All the recent episodes of Raw have been good though.


----------



## APEX

Great RAW. Enjoyed every minute of it.

Trips, Steph and Vince add so much to the show.


----------



## Chrome

Yeah, just finished watching Raw on Youtube. Easily the best one they've had since the after Wrestlemania one, I enjoyed pretty much everything, especially Henry. Props to Grand Rapids too for a good crowd.


----------



## Bryan D.

x78 said:


> All the recent episodes of Raw have been good though.

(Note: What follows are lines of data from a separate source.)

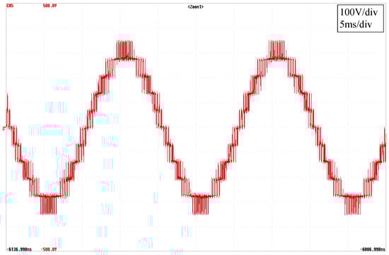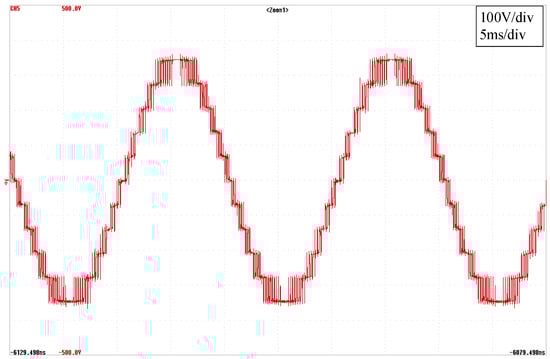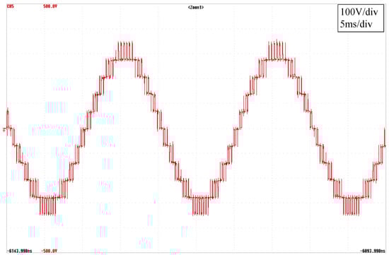Two experimental tests have been carried out in the prototype above-mentioned. The first test consists of measuring the output voltages without any connected load. The objective of this test is to measure the output voltages without the influence of inductances that could filter the generated harmonics. Figure 22, Figure 23 and Figure 24 show the line-to-line output waveform obtained using the PS-SPWM, SVM and NLM respectively. As can be seen, the three modulation techniques properly generate the waveforms.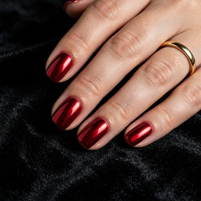 Metallic red nails bring a bold and glamorous touch to your manicure. The reflective finish makes your nails look eye-catching and luxurious.
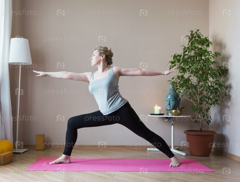 Женщина средних лет занимается йогой в помещении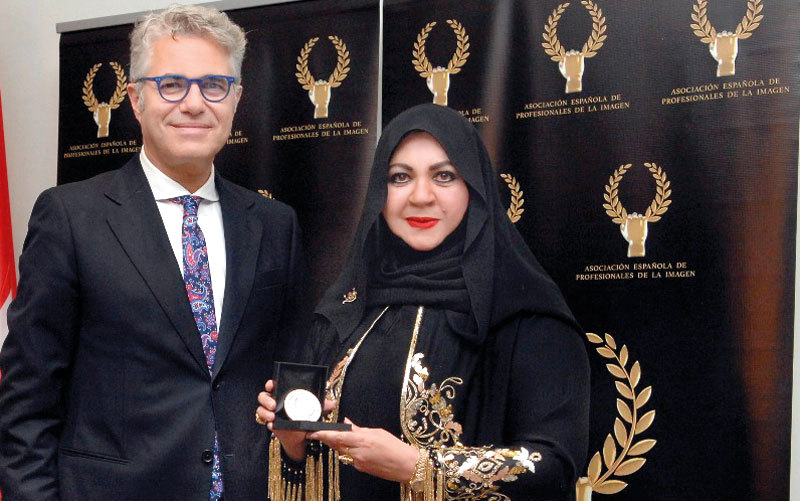 كُرّمت المصممة الإماراتية منى المنصوري في مدريد مع ثلاثين فناناً ورساماً من العالم، عن دورها وبصماتها في المجتمع من خلال الفن الذي تؤديه والرسائل التي ترسلها عبر أعمالها.
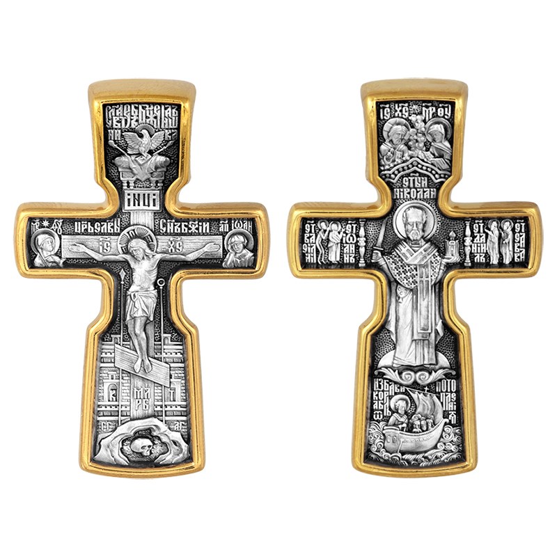 Крест позолоченный Ag 925/Au 585, коллекция Акимов, лик Николай Чудотворец, Позолота желтая 999*, Чернение (оксидирование), 13,64 гр., арт. КРС02241698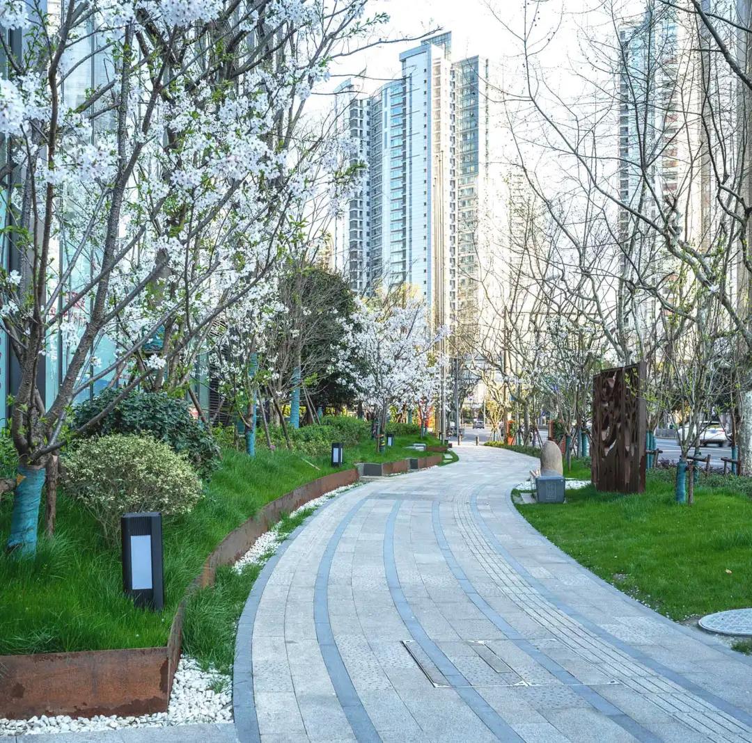 將傳統(tǒng)的直線人行道設(shè)計(jì)改為曲直結(jié)合的設(shè)計(jì),即將筆直的市政人行道變成綠化帶里中曲折有致的休閑步道。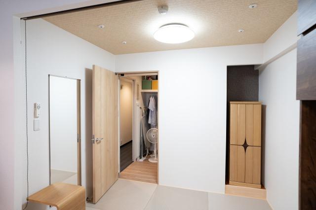 息子さん家族が帰省された際にお孫さんがごろ寝できる十分なスペースを確保。奥様の優しい配慮が伺えます。LDKと和室をの仕切りたい奥様と解放したいご主人様とでご意見が分かれてしまっていました。そこで提案したのはロールカーテン。普段はロールカーテンをしまっておいて開放的に。その際にカーテンが見えないように壁を門型に造作しています。壁掛けの鏡はゴルフが大好きなご主人様が素振りを練習するために取り付けました。姿見としてファッションのチェックにもちょうどいいです!と奥様。仏間もぴったりと納まりました。奥にある扉に続くのはWCL(ウォークインクローゼット)です。

Fact. The product has been improving since Extreme Rules.


----------



## Chan Hung

Zach Gowen's Leg said:


> Let's not get ahead of ourselves here. Was it a good RAW? Yes, but ultimately can they keep our interests going into Money In The Bank? We'll have to wait and see.


They WILL deliver at the ppv...with the current angles, only way to go from here is to further them! I'm actually leaning toward being this..and that's cuz i didn't even buy Mania!! 

This is how you put on a show people want to pay to see..matches and angles that are different WWE lol.... :cool2


----------



## wajodaheyman

Just watched it. Insanely good Raw! Best Raw since Wrestlemania 29.


----------



## CHIcagoMade

This was the first RAW I watched live in months, and I wasn't disappointed.

Good job WWE. :clap


----------



## kendoo

Raw always has its shit times during the years. Definitely on track now. Great show last night can't wait for next week.


----------



## DanM3

Was a great raw and very consistent. Henry was awsome, punk was awsome and lesnar was a surprise. The only down side was the Daniel Bryan possible injury


----------



## TheVladMan

My thoughts.



> Raw was fantastic from start to finish. Still in shock at the fact that they managed to produce three hours of quality TVwith purpose & meaning behind practically every single segment. No idea where that came from but this is the show I want to watch every week, as it was perfectly lined. Haven't been this excited for wrestling in a long, long, long time. If WWE can keep this up, then I'm more than sure we're in for one helluva Summer.
> 
> Christian returned. Sheamus got pinned for the first time this year. The Wyatt Family debuting and RVD returning. Bryan vs. Orton being a great TV match up until it stopped. Shield looked strong against Kane. Cesaro getting managed by Coulter and actually having something to do. The Divas Division improving. Triple H and the McMahons really adding something to the product. Axel making the Intercontinental Championship look good. The double turn between Ziggler and Del Rio still remaining a thing of beauty.
> 
> Witnessed the greatest swerve in the history of history. Everybody in the arena and everybody watching at home (myself included) totally bought Henry's retirement with that incredible Oscar caliber performance. Marked out like an idiot when he hit The World's Strongest Slam on Cena, I didn't see that coming at all. Best segment of the year? Can't think of anything that has even come remotely close to topping this, so most definitely yes. Completely fine with this feud taking place as it has all of my interest.
> 
> Loved the unbelievable Punk and Lesnar confrontation just as much as anyone else, if not more. Words cannot describe how I felt when that music hit, as my ultimate dream match had officially become reality. The crazy atmosphere, the "holy sh*t" look on Punk's face, the epic face-to-face staredown, and then the amazing F5, not to mention the smile on Lesnar's face right after that. Looking forward to this feud for the many reasons. WOLVERINE vs. HULK.


----------



## Jingoro

too bad the crowd didn't react appropriately to the lesnar/punk confrontation. tainted it a bit for me.


----------



## Joeyontherun22

mark henry even fooled his biggest fan with that promo. I thought he was really retiring lol but thank god he didn't.


----------



## Billion Dollar Man

mblonde09 said:


> I shall ignore you - and everybody else should too. How you've managed to get a full green bar, is beyond me.
> 
> 
> Exactly, and weight-wise, there's not as much of a discrepancy as some people are making out. I'd say Punk is about the same size as a certain person, by the name of Velasquez...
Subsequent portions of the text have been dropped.